Fig.3 Trois Sept Cinq: CD 2:44
The next two examples are from One Note At A Time and Hardcase. Both are a nice combination of odd groupings and some ONPS action.
Fig.4 Hardcase: CD 4:43
Fig.5 One note at a time: CD 1:46
The last excerpt is from The Way It Has To Be. This is a great line which shows some of Shawn’s original approach to pentatonic playing.
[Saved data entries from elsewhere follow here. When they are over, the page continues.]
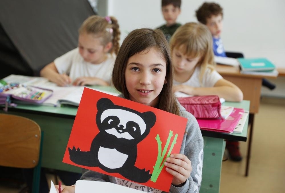△2024年5月3日,匈中雙語(yǔ)學(xué)校三年級(jí)學(xué)生寶怡展示自己的大熊貓形象美術(shù)作品。
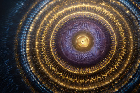 Patterns of light and color swirl in a circular design. Bright points of light connect in spirals. A rich mix of gold and purple fills the scene, creating an energetic display.
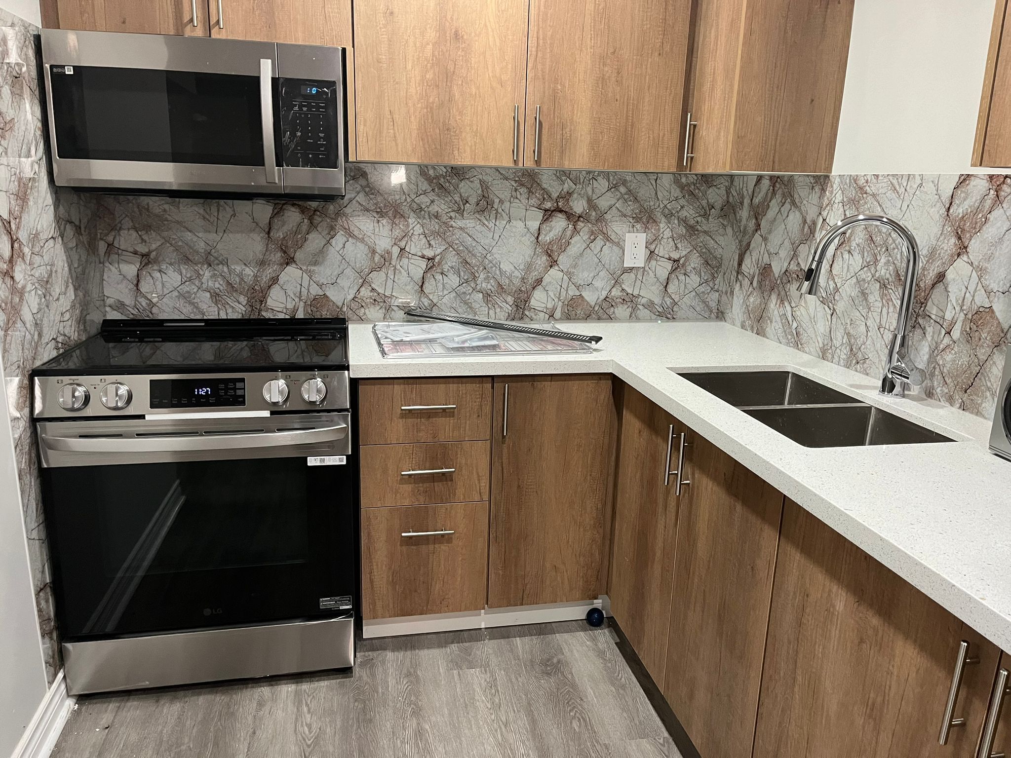 This bright and spacious 2bed 2 bath basement apartment offers open concept living space with modern finishes and a aaa tenants lifestyle in mind. Separate private entrance, 1 parking space. Separate laundry. A must see space! Suitable for couple or a small family. Steps to bus stop , close to schools, shopping, park etc. Great location. Separate laundry, separate entrance. Tenant is responsible for 40% of utilities.
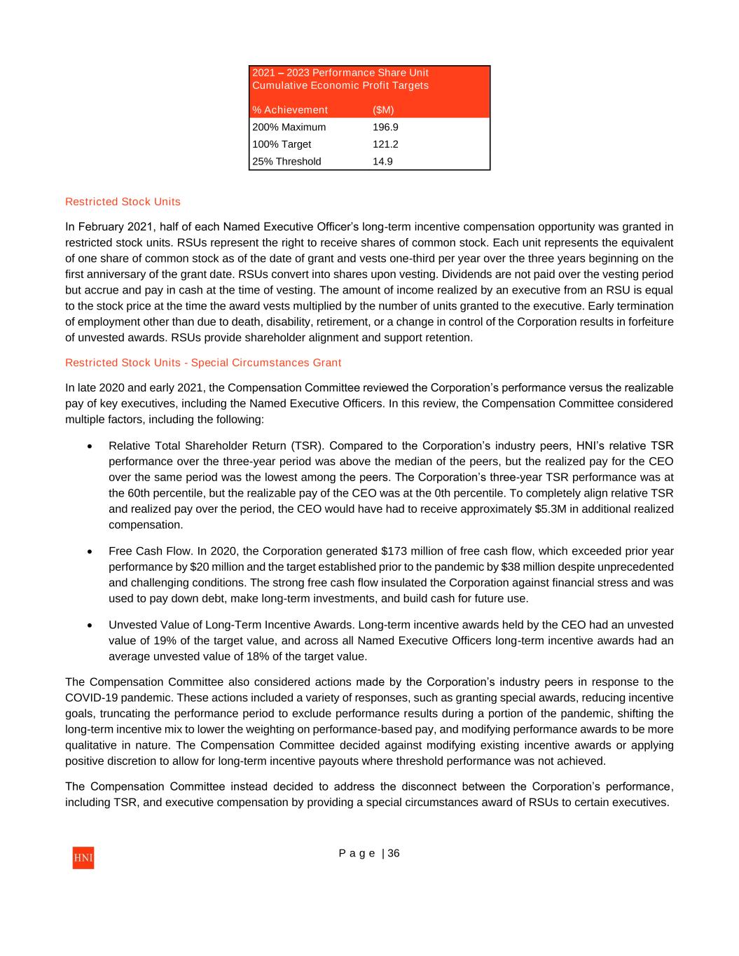 P a g e | 36 2021 – 2023 Performance Share Unit Cumulative Economic Profit Targets % Achievement ($M) 200% Maximum 196.9 100% Target 121.2 25% Threshold 14.9 Restricted Stock Units In February 2021, half of each Named Executive Officer’s long-term incentive compensation opportunity was granted in restricted stock units. RSUs represent the right to receive shares of common stock. Each unit represents the equivalent of one share of common stock as of the date of grant and vests one-third per year over the three years beginning on the first anniversary of the grant date. RSUs convert into shares upon vesting. Dividends are not paid over the vesting period but accrue and pay in cash at the time of vesting. The amount of income realized by an executive from an RSU is equal to the stock price at the time the award vests multiplied by the number of units granted to the executive. Early termination of employment other than due to death, disability, retirement, or a change in control of the Corporation results in forfeiture of unvested awards. RSUs provide shareholder alignment and support retention. Restricted Stock Units - Special Circumstances Grant In late 2020 and early 2021, the Compensation Committee reviewed the Corporation’s performance versus the realizable pay of key executives, including the Named Executive Officers. In this review, the Compensation Committee considered multiple factors, including the following: • Relative Total Shareholder Return (TSR). Compared to the Corporation’s industry peers, HNI’s relative TSR performance over the three-year period was above the median of the peers, but the realized pay for the CEO over the same period was the lowest among the peers. The Corporation’s three-year TSR performance was at the 60th percentile, but the realizable pay of the CEO was at the 0th percentile. To completely align relative TSR and realized pay over the period, the CEO would have had to receive approximately $5.3M in additional realized compensation. • Free Cash Flow. In 2020, the Corporation generated $173 million of free cash flow, which exceeded prior year performance by $20 million and the target established prior to the pandemic by $38 million despite unprecedented and challenging conditions. The strong free cash flow insulated the Corporation against financial stress and was used to pay down debt, make long-term investments, and build cash for future use. • Unvested Value of Long-Term Incentive Awards. Long-term incentive awards held by the CEO had an unvested value of 19% of the target value, and across all Named Executive Officers long-term incentive awards had an average unvested value of 18% of the target value. The Compensation Committee also considered actions made by the Corporation’s industry peers in response to the COVID-19 pandemic. These actions included a variety of responses, such as granting special awards, reducing incentive goals, truncating the performance period to exclude performance results during a portion of the pandemic, shifting the long-term incentive mix to lower the weighting on performance-based pay, and modifying performance awards to be more qualitative in nature. The Compensation Committee decided against modifying existing incentive awards or applying positive discretion to allow for long-term incentive payouts where threshold performance was not achieved. The Compensation Committee instead decided to address the disconnect between the Corporation’s performance, including TSR, and executive compensation by providing a special circumstances award of RSUs to certain executives.

Shawn uses the pentatonic scale to great effect sounding nothing like the clichés associated with the scale. Again, Shawn makes use of odd rhythmic groupings but this time in a 2 note per string context. Notice the unique fingering and pick strokes. When playing the 11 th fret on the D and G strings he uses the 3rd and 4th finger respectively. A lot of position shifts as well.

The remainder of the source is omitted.